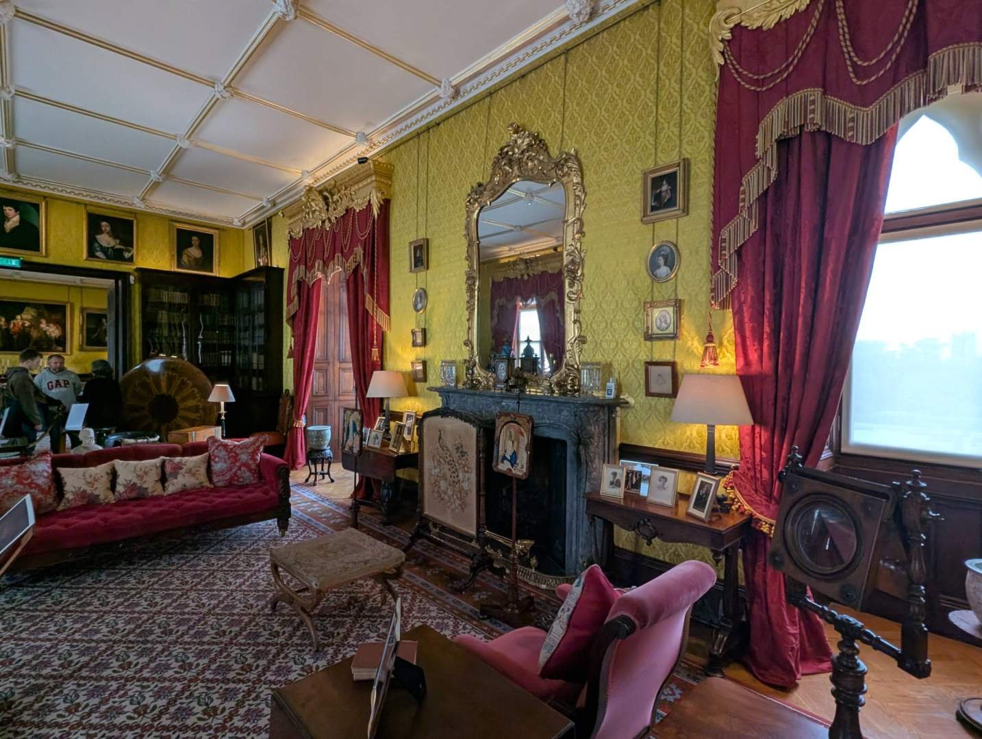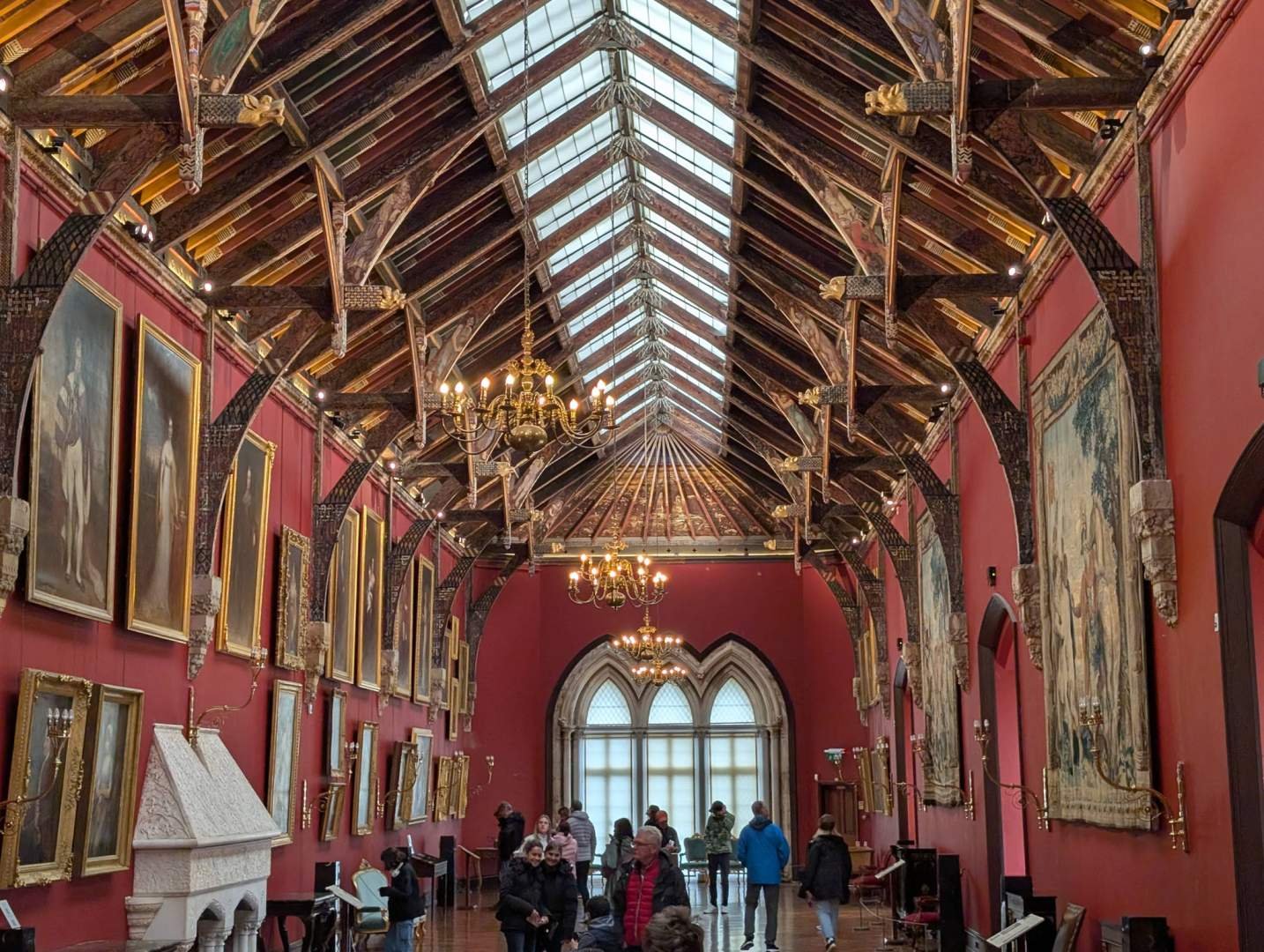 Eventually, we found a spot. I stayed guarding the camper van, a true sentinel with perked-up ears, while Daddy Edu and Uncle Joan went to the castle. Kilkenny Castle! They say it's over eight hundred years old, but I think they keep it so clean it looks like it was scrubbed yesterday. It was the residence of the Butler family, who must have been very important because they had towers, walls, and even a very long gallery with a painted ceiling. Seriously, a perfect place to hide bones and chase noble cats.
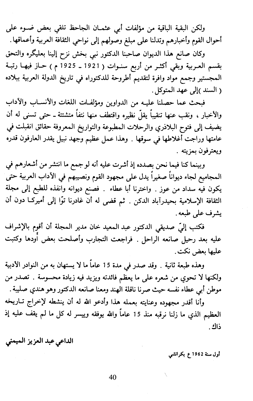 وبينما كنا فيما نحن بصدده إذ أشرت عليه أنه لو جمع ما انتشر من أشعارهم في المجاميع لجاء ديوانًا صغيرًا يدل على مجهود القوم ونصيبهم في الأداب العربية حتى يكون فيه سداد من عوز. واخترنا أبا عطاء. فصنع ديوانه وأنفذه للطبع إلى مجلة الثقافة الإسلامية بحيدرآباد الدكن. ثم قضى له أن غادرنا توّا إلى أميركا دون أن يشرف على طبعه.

---

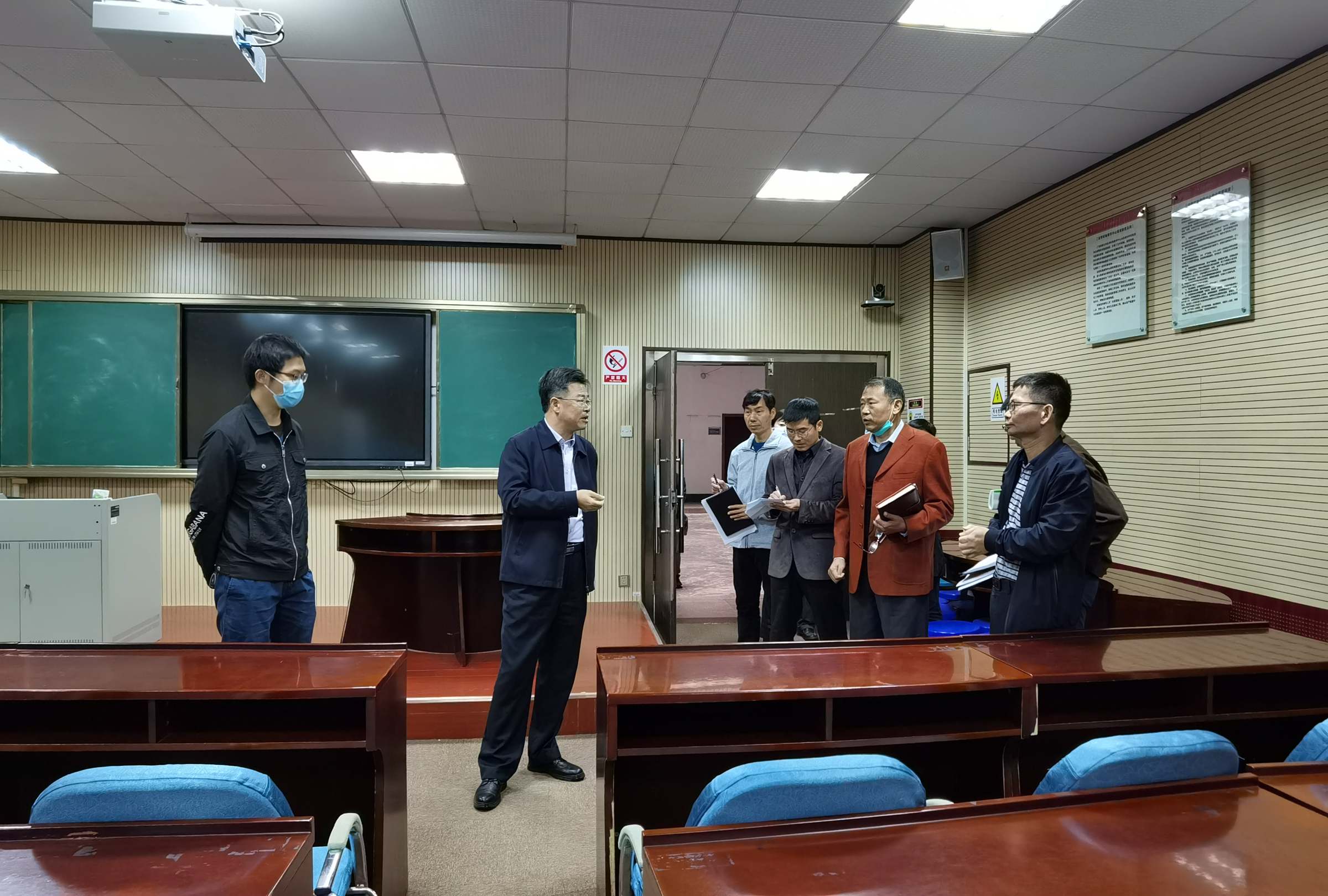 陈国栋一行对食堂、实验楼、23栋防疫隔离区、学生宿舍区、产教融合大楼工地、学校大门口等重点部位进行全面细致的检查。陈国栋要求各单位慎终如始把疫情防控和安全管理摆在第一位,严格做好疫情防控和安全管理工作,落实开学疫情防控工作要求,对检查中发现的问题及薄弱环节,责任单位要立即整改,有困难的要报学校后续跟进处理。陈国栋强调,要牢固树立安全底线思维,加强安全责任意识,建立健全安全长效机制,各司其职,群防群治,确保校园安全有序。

--

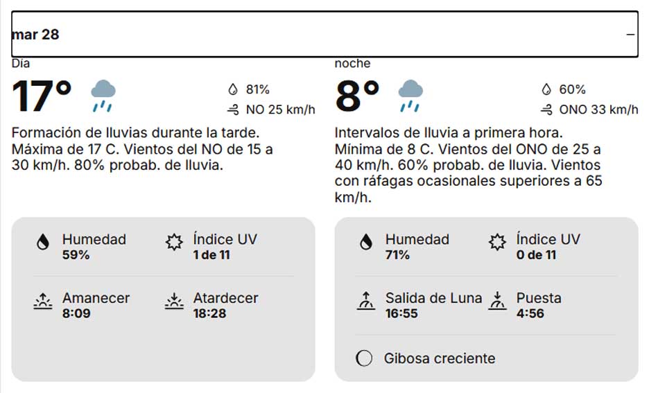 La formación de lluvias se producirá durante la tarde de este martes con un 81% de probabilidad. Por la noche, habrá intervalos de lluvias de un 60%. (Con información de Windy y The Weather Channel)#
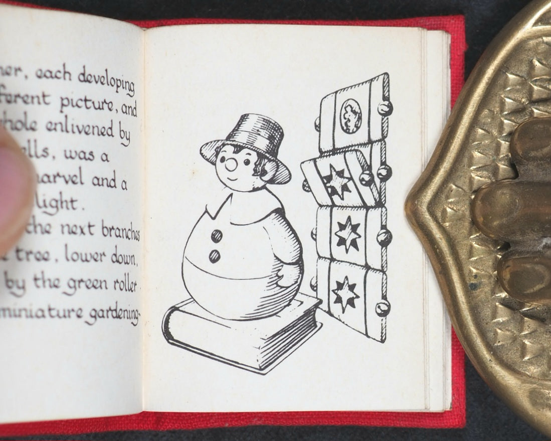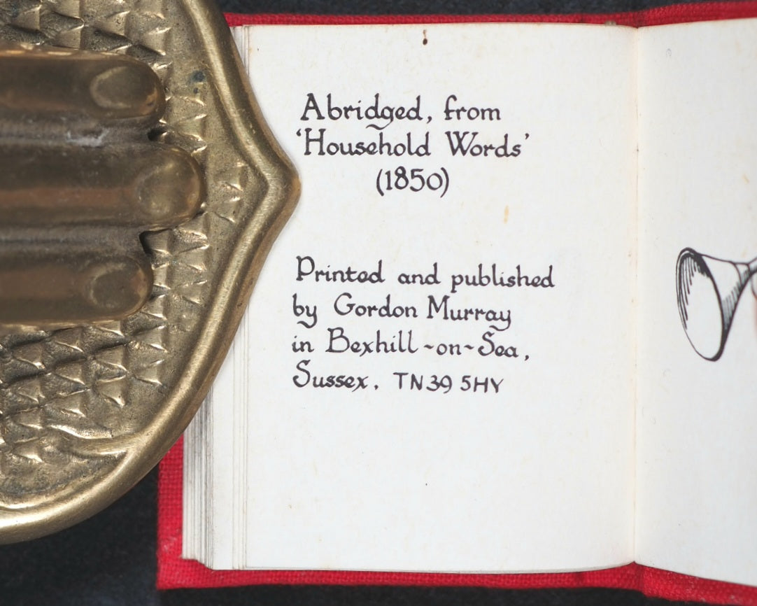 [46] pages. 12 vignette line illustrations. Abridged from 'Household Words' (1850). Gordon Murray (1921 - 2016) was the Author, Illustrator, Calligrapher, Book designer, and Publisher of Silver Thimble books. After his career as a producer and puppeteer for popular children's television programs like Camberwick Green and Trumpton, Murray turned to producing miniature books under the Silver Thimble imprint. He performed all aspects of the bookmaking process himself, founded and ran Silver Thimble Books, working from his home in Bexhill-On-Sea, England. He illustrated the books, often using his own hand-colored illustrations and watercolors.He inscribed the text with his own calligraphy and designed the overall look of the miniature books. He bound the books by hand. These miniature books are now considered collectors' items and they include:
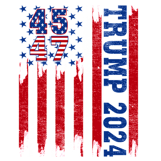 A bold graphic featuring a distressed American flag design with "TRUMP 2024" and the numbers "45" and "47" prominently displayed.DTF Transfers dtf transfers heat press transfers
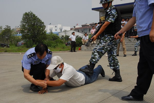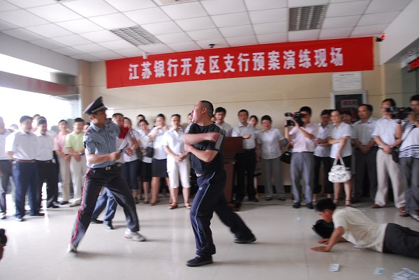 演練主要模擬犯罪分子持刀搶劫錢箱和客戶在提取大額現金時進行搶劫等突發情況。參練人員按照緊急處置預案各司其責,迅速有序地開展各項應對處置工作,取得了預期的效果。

### WHAT IS REQUIRED
What is needed is an exact copy of the lines above from the one with "Eventually, we found" to the one with "وبينما كنا فيما", both ends kept, and nothing more; please leave the pictures out.

### EXPECTED ANSWER
 Eventually, we found a spot. I stayed guarding the camper van, a true sentinel with perked-up ears, while Daddy Edu and Uncle Joan went to the castle. Kilkenny Castle! They say it's over eight hundred years old, but I think they keep it so clean it looks like it was scrubbed yesterday. It was the residence of the Butler family, who must have been very important because they had towers, walls, and even a very long gallery with a painted ceiling. Seriously, a perfect place to hide bones and chase noble cats.
 وبينما كنا فيما نحن بصدده إذ أشرت عليه أنه لو جمع ما انتشر من أشعارهم في المجاميع لجاء ديوانًا صغيرًا يدل على مجهود القوم ونصيبهم في الأداب العربية حتى يكون فيه سداد من عوز. واخترنا أبا عطاء. فصنع ديوانه وأنفذه للطبع إلى مجلة الثقافة الإسلامية بحيدرآباد الدكن. ثم قضى له أن غادرنا توّا إلى أميركا دون أن يشرف على طبعه.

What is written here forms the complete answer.